Das Bundesministerium für Gesundheit veröffentlicht jedes Jahr den Drogen- und Suchtbericht, der Projekte und Maßnahmen der Drogen- und Suchtpolitik der Bundesregierung, aktuelle Zahlen und die Entwicklung des Konsumverhaltens in Deutschland dokumentiert. Bei dem aktuellen Bericht aus dem Jahr 2011 liegt ein Schwerpunkt auf Präventionsprojekten für Kinder und Jugendliche. Diesem ist zu entnehmen, dass Erfahrungen mit Alkohol und Drogen trotz rückläufiger Entwicklung nach wie vor bei einem großen Teil der Kinder und Jugendlichen zum Alltag gehören (Bundesministerium für Gesundheit, 2011b; siehe hierzu auch Bundeszentrale für gesundheitliche Aufklärung (BZgA), 2011).
Das MOVE-Konzept wurde, wie in Kapitel 3.1 bereits erwähnt, ursprünglich für Kinder und Jugendliche mit riskantem Konsumverhalten entwickelt.

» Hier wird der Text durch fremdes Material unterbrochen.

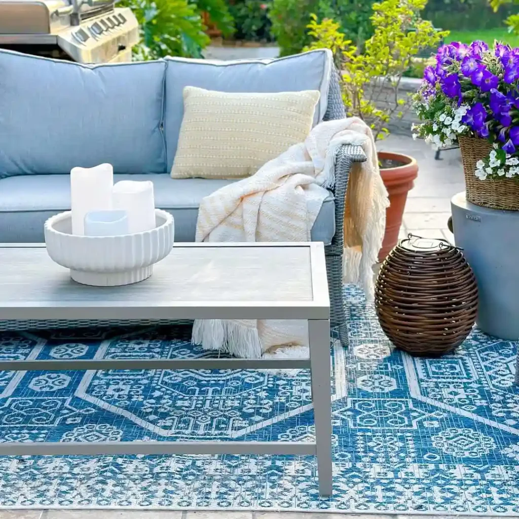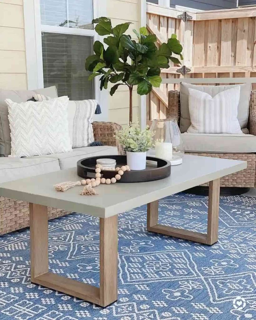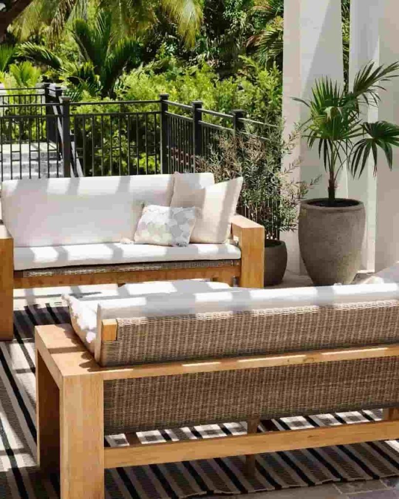 Natural wood frames, rattan textures, and soft white cushions come together in this clean-lined patio. Set against a backdrop of tropical foliage, the minimalist striped rug adds just enough contrast to anchor the space. It’s ideal for anyone wanting a breezy, coastal feel without overdecorating.

Es erweist sich jedoch auch bei Menschen, die keine manifesten Abhängigkeitsprobleme, jedoch riskante Konsummuster aufweisen, als besonders effektiv.
MOVE wendet sich ebenfalls an pädagogische Fachkräfte, die in den verschiedensten pädagogischen Arbeitsfeldern, wie der außerschulischen Jugendarbeit, den Einrichtungen der Jugendhilfe, in Sportvereinen und Streetwork tätig sind. Sie sind durch ihren engen Kontakt zu Kindern und Jugendlichen besonders prädestiniert, ein problematisches Konsumverhalten frühzeitig wahrzunehmen und entsprechend zu intervenieren (Marzinzik, 2004, S. 2ff.). Neben dem seit 2006 existierenden Fortbildungsangebot für Personen, die in diesen Arbeitsfeldern tätig sind, gibt es seit 2010 ein weiteres Angebot, welches speziell die Gestaltung von Gesprächen mit Eltern suchtgefährdeter Kinder und Jugendliche vorbereiten und trainieren soll (ginko - Landeskoordinierungsstelle Suchtvorbeugung NRW, 2010) .
3.3, Ziele:
‘Zentrales Ziel suchtpräventiven Handelns ist es, Krankheiten und vorzeitige Todesfälle, die assoziiert sind mit dem schädlichen Gebrauch von legalen und illegalen Substanzen, so weit wie möglich zu verringern. Zusätzlich zu der Verminderung der Krankheits- und Todesfälle ist Suchtprävention darüber hinaus dem Ziel verpflichtet, auch nicht direkt gesundheitsbezogene, negative Begleitformen des Missbrauchverhaltens zu minimieren. Das Jugendalter spielt dabei eine Schlüsselrolle, denn zu diesem Zeitpunkt werden in der Regel erste Experimente mit psychoaktiven Substanzen durchgeführt und Gebrauchsmuster für den Umgang mit legalen und illegalen Drogen erprobt’ (Marzinzik, 2004, S. 3).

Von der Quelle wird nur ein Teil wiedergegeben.